– Я проклят, – говорит он глухо. – Я приношу несчастье. Это меня… Это я должен быть сейчас там…
– Если б ты не ушел, вы были бы там оба.
Он несколько раз поднимает и опускает влажные ресницы.
– Прошлой осенью я откопал в лесу нетронутый немецкий блиндаж. Забрал кое-какой хабар, чтобы заинтересовать покупателей, получил деньги вперед. Никто, кроме меня, не знал об этом месте. Но когда я вернулся, чтобы взять остальное, все было оцеплено. Говорили про каких-то грибников… Зачем их вообще туда понесло? Десятилетний пацан наткнулся на мой блиндаж и подорвался на гранате. А деньги уже ушли на лекарства Марку, и себе так, по мелочи… Оставалось только залечь на дно. С тех пор я почти не выхожу на улицу – только через рейсте. Даже Вио долго не догадывалась, что в доме живет кто-то еще. Я всегда в своем бункере. Не знаю, как они меня выследили, не знаю, не знаю…
– Ты рисковал ради брата.
– Я не должен был рисковать. Кроме него у меня никого нет.
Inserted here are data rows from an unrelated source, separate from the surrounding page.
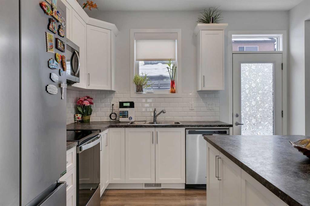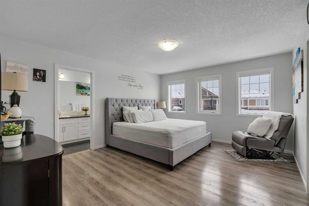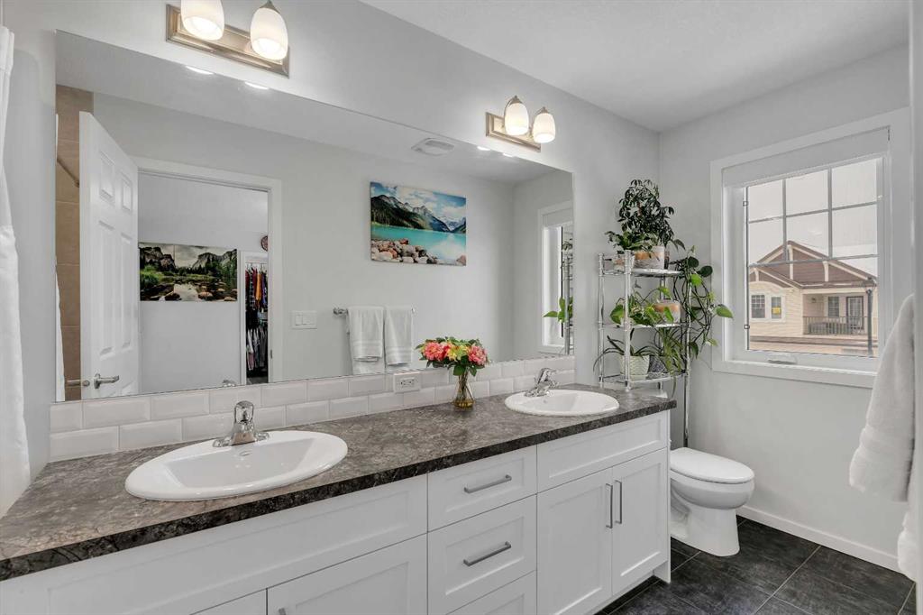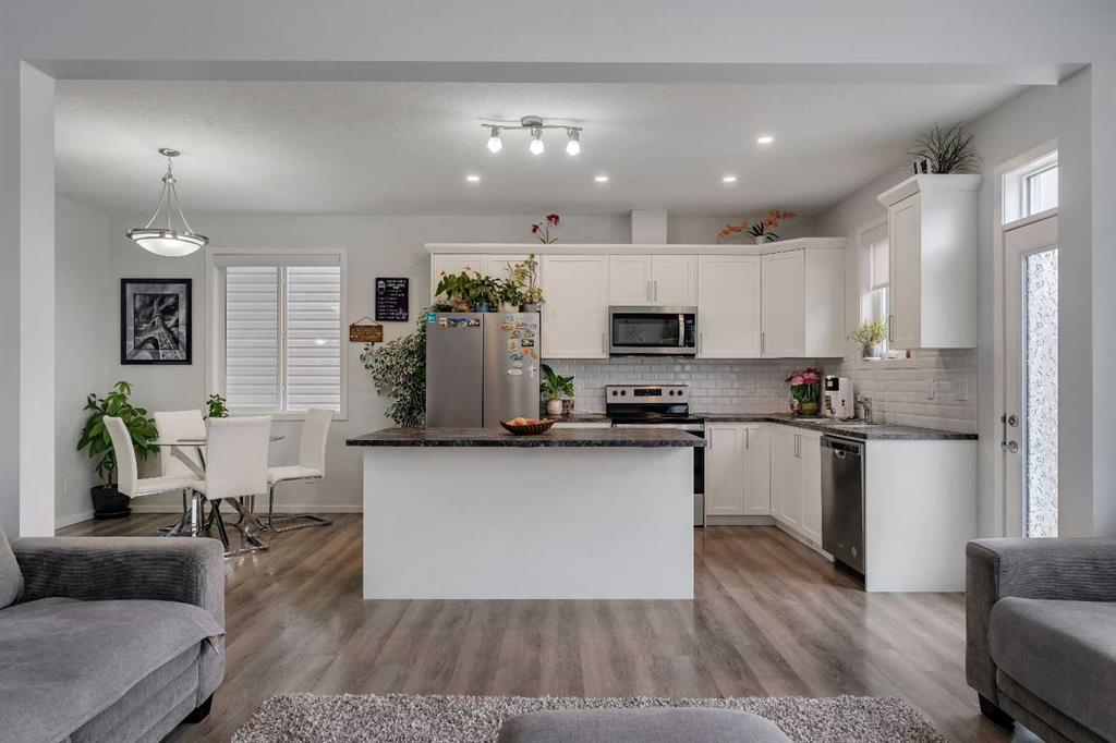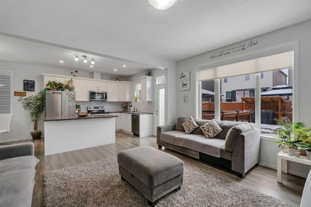 Welcome to 821 Windrow Green SW, a beautifully designed home offering modern finishes, generous living space, and exceptional functionality for today’s lifestyle. Situated on a quiet street with charming curb appeal, this home features a sun-filled south-facing backyard with upgraded landscaping, perfect for relaxing or entertaining. Step inside to an open-concept main floor designed for both everyday living and hosting guests. The stunning kitchen showcases crisp white cabinetry, stainless steel appliances, a classic white subway tile backsplash, and abundant counter space, along with a large center island with eating bar—ideal for casual meals or gathering with family and friends. The bright living room is filled with natural light from the large south-facing windows overlooking the backyard, creating a warm and inviting atmosphere. The main floor is completed with a convenient powder room, additional closet storage, and direct access to the double attached garage. Upstairs, the thoughtful layout provides privacy and comfort with a spacious bonus room separating the primary suite from the two secondary bedrooms. The expansive primary retreat features a large walk-in closet with ample shelving and hanging space, along with a luxurious 5-piece ensuite complete with dual sinks, generous counter space, and a deep soaker tub. An upper-floor laundry room adds to everyday convenience. Throughout the home you’ll appreciate hard surface flooring—including the stairs and upper level—modern vinyl plank flooring, central air conditioning, knockdown ceilings, and transom windows above exterior doors for added natural light. Room sizes are generous, offering comfortable living for families of all sizes. Additional highlights include an oversized hot water tank ideal for larger families and partial basement development featuring a fourth bedroom, providing flexibility for guests, a home office, or growing families. Just a 3-minute drive to Windsong Heights School (K–9) and within walking distance to Osborne Park, perfect for outdoor activities and green space enjoyment. Conveniently situated near the 8th Street and 40 Avenue overpass, as well as other major roadways, the property provides seamless access throughout the city. Public transportation, shopping centres, and additional parks are all close by, making everyday living both easy and connected.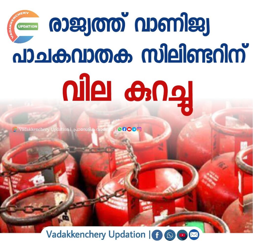 രാജ്യത്ത് വാണിജ്യ ആവശ്യങ്ങൾക്കുള്ള ഗ്യാസ് സിലണ്ടറുകളുടെ വില കുറച്ചു. 19 കിലോഗ്രാം വാണിജ്യ എൽപിജി ഗ്യാസ് സിലിണ്ടറുകൾക്ക് 41 രൂപയാണ് കുറച്ചത്. ഇതോടെ കൊച്ചിയിൽ 1767-1769 രൂപ നിരക്കിലാകും വാണിജ്യ സിലണ്ടറുകൾ ലഭിക്കുക. ഡൽഹിയിൽ പുതുക്കിയ വില 1,762 രൂപയാണ്. ചെന്നൈയിൽ വില 1921.50 ആയി.മാർച്ച് ഒന്നിന് പ്രധാന നഗരങ്ങളിൽ വാണിജ്യ എൽപിജി സിലിണ്ടർ വില 6 രൂപ വർധിപ്പിച്ചിരുന്നു.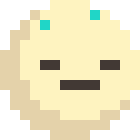 A pixel art character, Maru, resembling a cookie, shows exhaustion and heat with sweat droplets appearing around its tired face.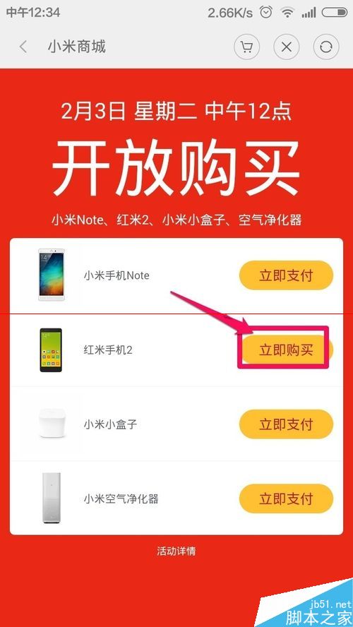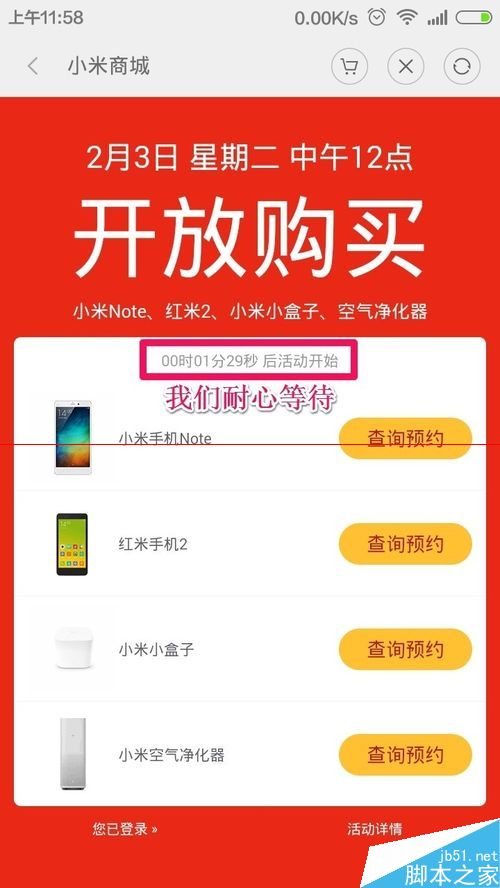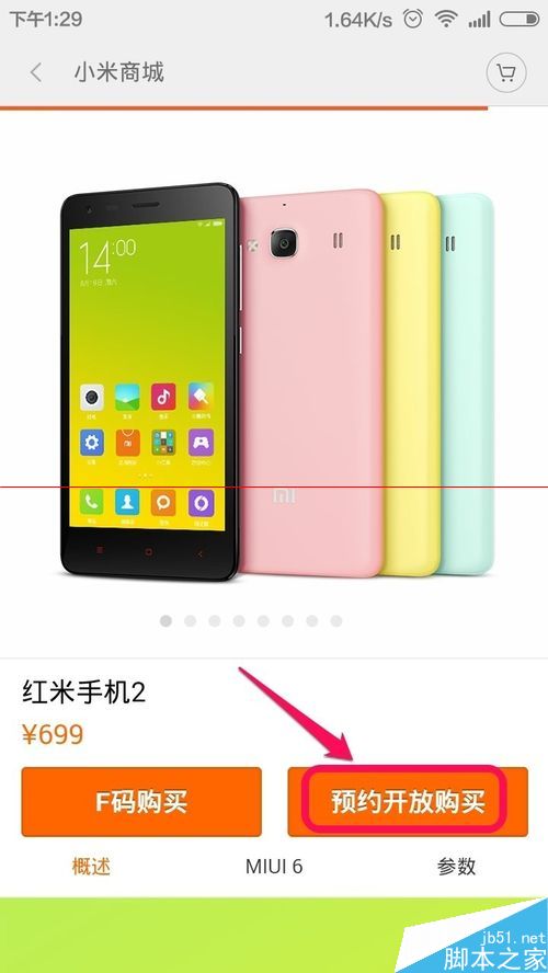 1、到了我们预约的时间以后,我们登陆小米官网或者手机小米商城进行抢购!小编使用手机进行抢购的,所以小编打开小米商城,然后点击自己预约的商品!然后点击预约开放购买!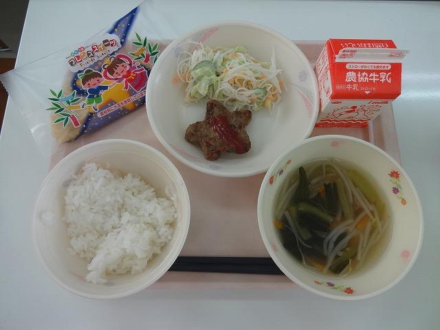 ~ごはん、星のハンバーグ、春雨サラダ、野菜スープ、七夕ゼリー、牛乳~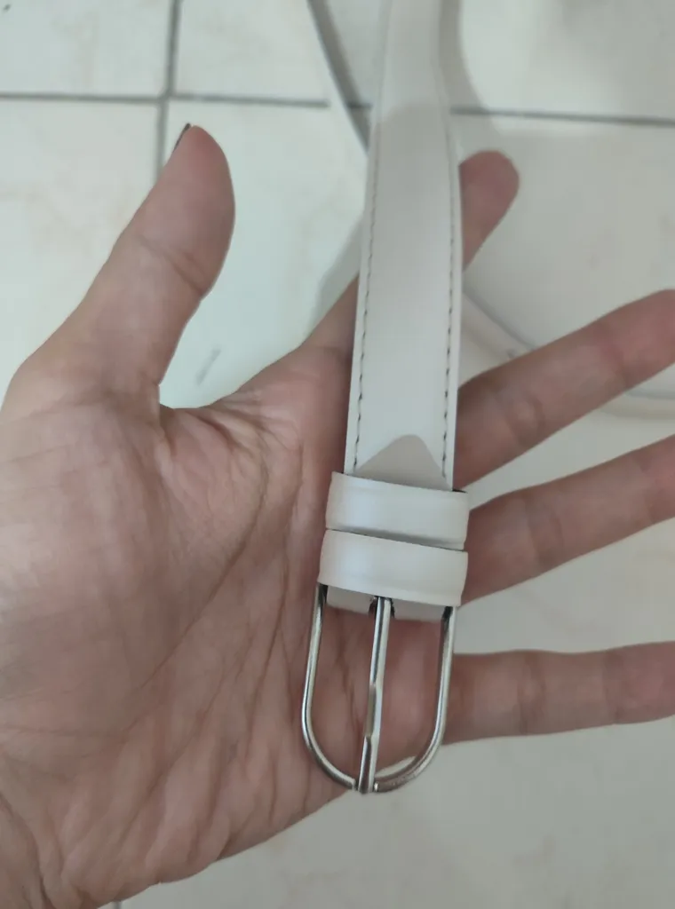 افسانه کریمی کلکانی : کمربند سفید ؛ رنگ خودش کاملا سفیده و سگکش طلایی براق هست سالمه خداروشکر.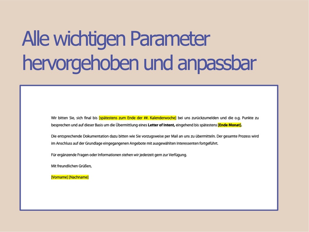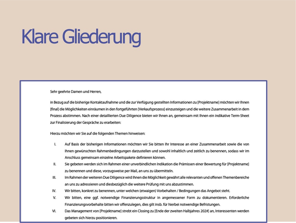 Prozessbrief für den Verkaufsprozess von Unternehmen - Prozessbrief Vorlage - in Deutsch | M&A Dokument

Солнце ярко бьет в окно. Густая тень стола падает на лицо Германа, скрывая одну его половину, и мне невольно представляется, что это его только что увезла неотложка, а рядом со мной, глядя в потолок, лежит печальный Квазимодо, и в его глазах стоят непролитые слезы.
– Нам было по семь. Наши первые летние каникулы, – начинает он будто бы через силу, но каждое последующее слово дается все легче, и вскоре он частит так, словно куда-то опаздывает с этой внезапной исповедью. Слова льются из него рекой, взгляд неподвижен: – Здесь, в этом самом доме. Мать уехала в Польшу, сказала, подвернулось хорошее место – не то домработницей, не то няней. Врала, конечно. Денег у нас так и не появилось. Мы ходили в поношенной одежде соседских детей. Помню, в то лето мне достались белые девчачьи босоножки с бантиками, которые я потом оторвал, но это неважно… Пока ее не было – а это почти всегда – за нами присматривал отчим. Он нигде не работал и страстно увлекался бабочками. Сам выращивал их из личинок в инсектарии, который устроил на заднем дворе. Там есть сарай…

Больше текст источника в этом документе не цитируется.